Repeat the lines below exactly as written, please, from the line with "Pyxis con motivos" to the line with "La pyxis es", both lines included, and no others.

→ **Data provided**:

========================================

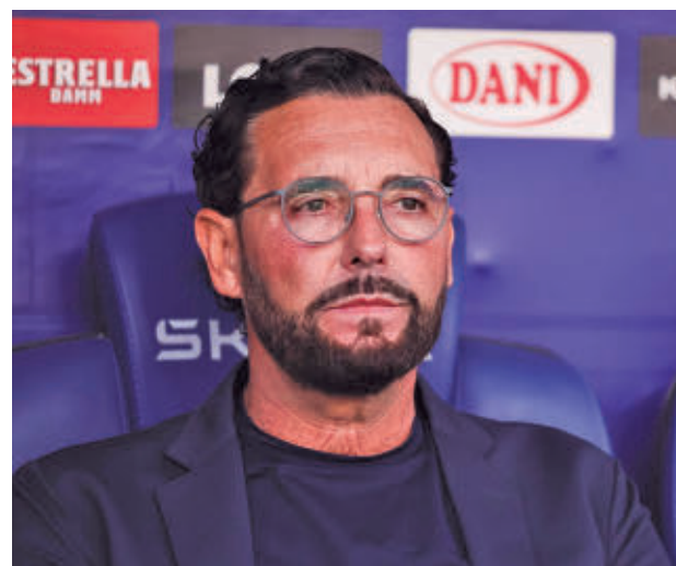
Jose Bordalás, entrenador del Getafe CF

========================================

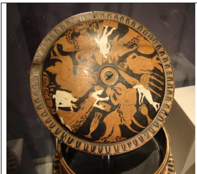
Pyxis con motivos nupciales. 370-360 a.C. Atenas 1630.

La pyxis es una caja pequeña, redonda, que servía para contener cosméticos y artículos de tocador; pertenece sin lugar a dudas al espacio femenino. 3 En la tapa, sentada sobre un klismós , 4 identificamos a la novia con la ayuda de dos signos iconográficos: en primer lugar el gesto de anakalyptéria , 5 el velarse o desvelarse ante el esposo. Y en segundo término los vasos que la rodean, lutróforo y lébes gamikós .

========================================

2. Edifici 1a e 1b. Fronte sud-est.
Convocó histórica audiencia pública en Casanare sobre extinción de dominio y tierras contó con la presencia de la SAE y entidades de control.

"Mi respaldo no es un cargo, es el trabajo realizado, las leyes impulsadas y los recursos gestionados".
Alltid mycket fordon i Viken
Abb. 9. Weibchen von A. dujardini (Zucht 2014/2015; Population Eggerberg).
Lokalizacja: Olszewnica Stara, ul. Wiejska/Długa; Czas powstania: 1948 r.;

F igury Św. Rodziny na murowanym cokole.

========================================

→ **Solution for this task**:
Pyxis con motivos nupciales. 370-360 a.C. Atenas 1630.

La pyxis es una caja pequeña, redonda, que servía para contener cosméticos y artículos de tocador; pertenece sin lugar a dudas al espacio femenino. 3 En la tapa, sentada sobre un klismós , 4 identificamos a la novia con la ayuda de dos signos iconográficos: en primer lugar el gesto de anakalyptéria , 5 el velarse o desvelarse ante el esposo. Y en segundo término los vasos que la rodean, lutróforo y lébes gamikós .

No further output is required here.